After a jury found Levy guilty of the third-degree felony of delivery of cannabis, § 893.13(l)(a)(2), and the first-degree misdemeanor of possession of cannabis, the trial court orally pronounced that it would sentence Levy to eighteen months in prison. The written sentence is consistent with the court’s pronouncement in imposing a general sentence for the two offenses, which the supreme court has held is improper. See Dorfman v. State, 351 So.2d 954, 957 (Fla.1977).
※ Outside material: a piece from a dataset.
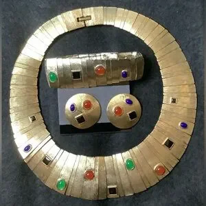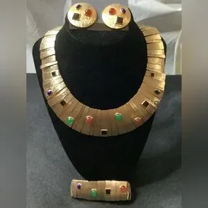 VINTAGE LES BERNARD Unsigned Gold-Toned Egyptian Revival Jewelry Set NWOT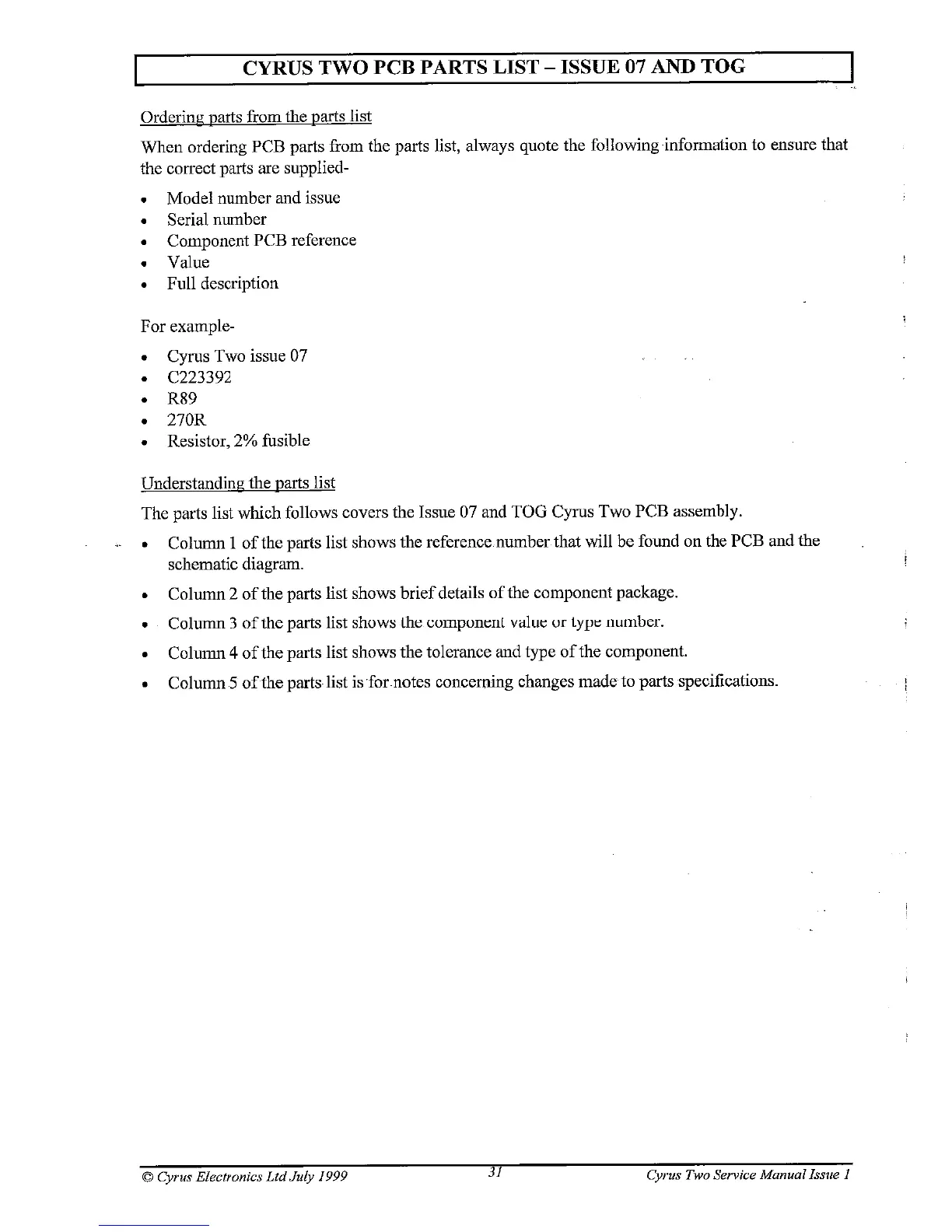 Cyrus Two - Cyrus Two PCB Parts List - Issue 07 and TOG

Trial courts must impose separate sentences for separate offenses.

Accordingly, we reverse Levy’s sentence of eighteen months for the first-degree misdemeanor of possession of less than twenty grams of cannabis and remand with directions that the trial court sentence Levy to not more than one year for this offense.

Reversed and remanded for resentenc-ing.

KELLY and KHOUZAM, JJ., Concur. 
      
      . Levy raised the issue of the trial court's failure to impose separate sentences for the two offenses of which he was convicted in a motion filed pursuant to Florida Rule of Criminal Procedure 3.800(b)(2). The trial court failed to hear or enter an order on the motion, and it is deemed denied. See Fla. R.Crim. P. 3.800(b)(1)(B).